Task directions: Below are the entries. Transcribe exactly the lines from the one with "Hozzávalók: 30 dkg" through the one with "operation of your tractor, various universal", ends included, and leave out all others.

══ Listed entries

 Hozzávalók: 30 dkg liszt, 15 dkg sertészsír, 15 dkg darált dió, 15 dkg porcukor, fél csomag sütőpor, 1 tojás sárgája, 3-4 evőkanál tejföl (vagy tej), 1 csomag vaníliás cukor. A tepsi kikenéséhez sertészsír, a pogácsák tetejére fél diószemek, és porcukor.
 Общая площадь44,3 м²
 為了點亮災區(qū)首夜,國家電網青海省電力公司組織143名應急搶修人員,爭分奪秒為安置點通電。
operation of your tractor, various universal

════
══ Listed entries

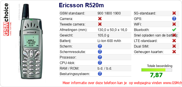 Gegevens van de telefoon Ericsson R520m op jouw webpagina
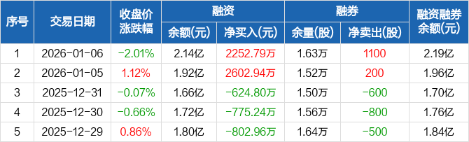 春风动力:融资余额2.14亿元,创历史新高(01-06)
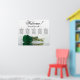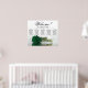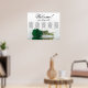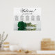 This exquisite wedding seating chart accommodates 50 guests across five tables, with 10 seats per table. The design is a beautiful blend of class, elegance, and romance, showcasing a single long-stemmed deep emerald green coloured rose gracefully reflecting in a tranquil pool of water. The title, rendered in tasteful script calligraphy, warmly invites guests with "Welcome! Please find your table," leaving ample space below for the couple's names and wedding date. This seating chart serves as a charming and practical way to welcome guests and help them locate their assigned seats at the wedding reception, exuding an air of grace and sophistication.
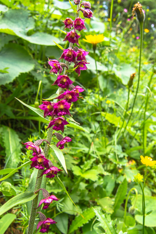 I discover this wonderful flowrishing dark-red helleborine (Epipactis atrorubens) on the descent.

════

Reply:
 Hozzávalók: 30 dkg liszt, 15 dkg sertészsír, 15 dkg darált dió, 15 dkg porcukor, fél csomag sütőpor, 1 tojás sárgája, 3-4 evőkanál tejföl (vagy tej), 1 csomag vaníliás cukor. A tepsi kikenéséhez sertészsír, a pogácsák tetejére fél diószemek, és porcukor.
 Общая площадь44,3 м²
 為了點亮災區(qū)首夜,國家電網青海省電力公司組織143名應急搶修人員,爭分奪秒為安置點通電。
operation of your tractor, various universal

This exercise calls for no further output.